UsableEvent.auxData, UsableEvent.slices and UsableEvent.averagePrice() can be used in where conditions but not in inputs blocks.
InternalEvent cannot be an input to a query because it has an action variable. However, an instance of InternalEvent could be used in a where condition or in triggered EPL code in a find block.
For example, the find statement in a query can be written as follows:
find UsableEvent as e1 and UsableEvent as e2
where e1.averagePrice() > e2.averagePrice()
e1.slices[0].price < e2.slices[0].price
Action definitions can supply helper actions such as the averagePrice() action above. This can be useful in both event types used by adapters and in internal event types. For example, some event types may have no members but simply be a named container for useful library actions.
To make use of EPL plug-ins written in C, C++ or Java, it is recommended to write an EPL event type or set of event types that wrap the plug-in. This provides a more consistent interface and can add type safety to the use of chunks, which are opaquely-typed C, C++ or Java objects. These EPL actions can then be called from queries, as can any EPL action.
Event sinks and sources
A typical deployment includes adapters that connect the Apama system to external sources of data or provide the means to send events out of Apama. This can include:
*Adapters hosted in the Apama IAF. See Using the IAF.
*Connections to a JMS message bus with mapping of JMS messages to Apama event types. See Using the Java Message Service (JMS).
*Connections to a database by means of ADBC. See The Database Connector IAF Adapter (ADBC).
*Connections to other components using the Apama engine_client library. See Developing Custom Clients.

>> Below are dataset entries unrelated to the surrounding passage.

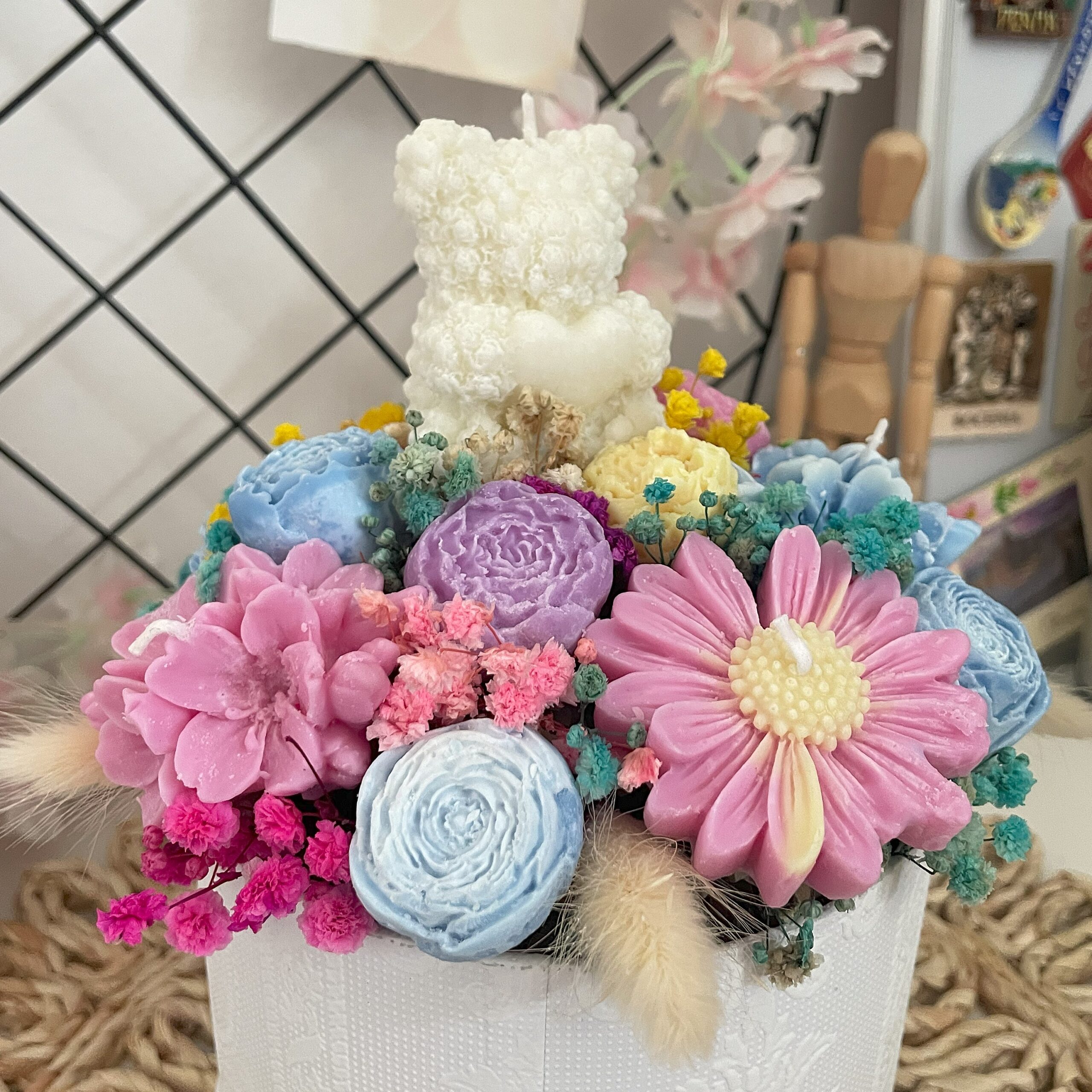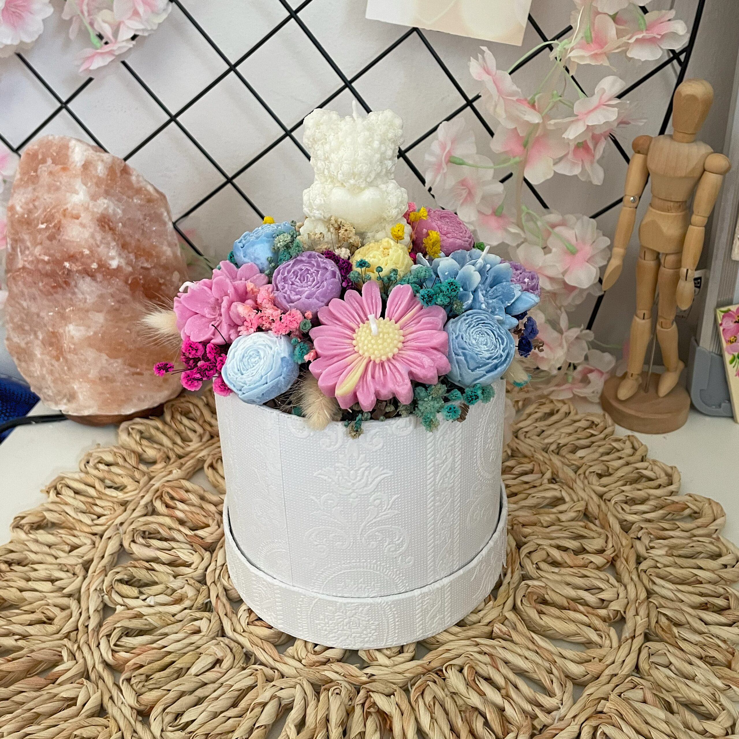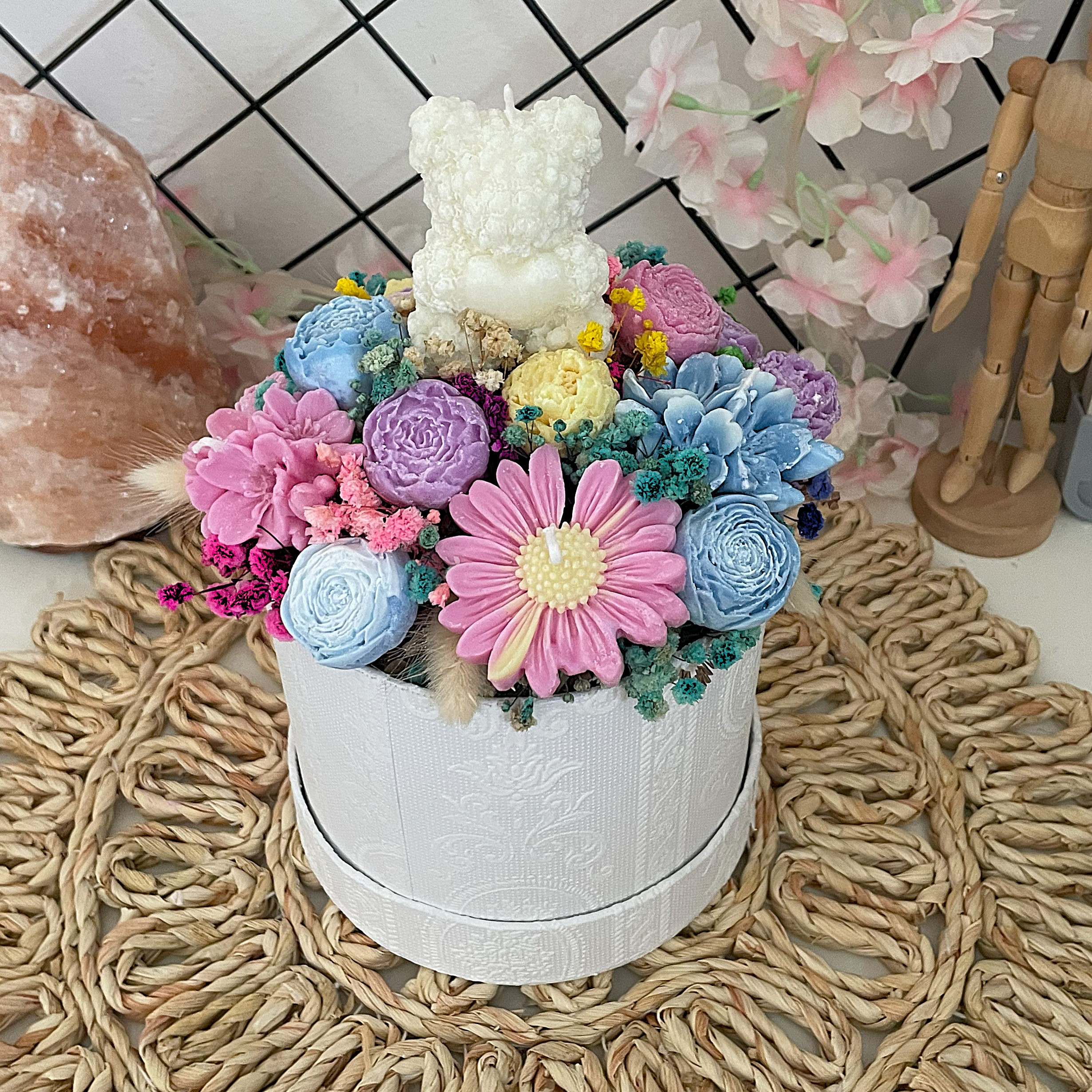 🌸 Miś trzymający serduszko – urocza świeca wolnostojąca, która skradnie każde serce
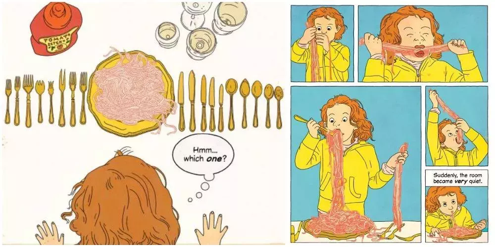 Durante la cena formal, Maya lucha contra sus malos modales en la mesa, pero no por ello deja de ser encantadora. Este cómic no se toma demasiado en serio a sí mismo y ofrece divertidísimos segmentos relacionados con los hábitos poco estelares de Maya. Maya, otra ganadora del premio Eisner, promueve la alfabetización y la individualidad a la vez que proporciona entretenimiento.
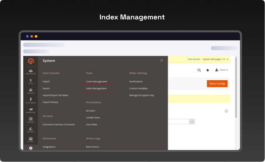 - Go to the System -> Index Management
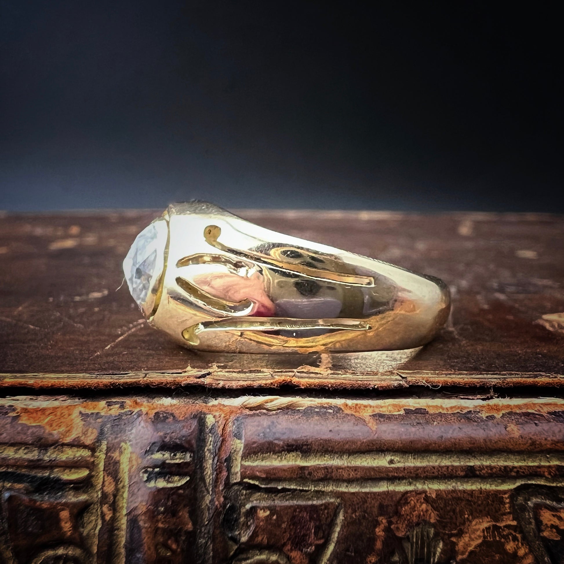 Set using an ancient technique called "night setting," the diamond is closed on the sides and underneath, giving the stone a pearly, mysterious hue, typical of the Victorian era. This unique setting enhances the diamond's brilliance, lending the ring a magnetic and sophisticated aura.

For testing purposes, Software AG Designer can send / receive events from / to files, and command line tools are provided as well.
Correlator process
When developing queries in Software AG Designer, launching a configuration starts a correlator and injects queries into it by default. It is also possible to export the Apama launch configuration to an Ant script, which can be copied onto another machine such as a server to run your project on that machine.
It is possible to run multiple correlators that are configured to use the same distributed cache store. These correlators share query state. In such deployments, the recommendation is to use a JMS message queue. Typically, these deployments would use correlators on separate physical machines so a failure of one does not affect others. For testing, it is possible to run several correlators on a single machine provided a separate port number is allocated to each correlator. Take care to use the correct port number when interacting with the correlators.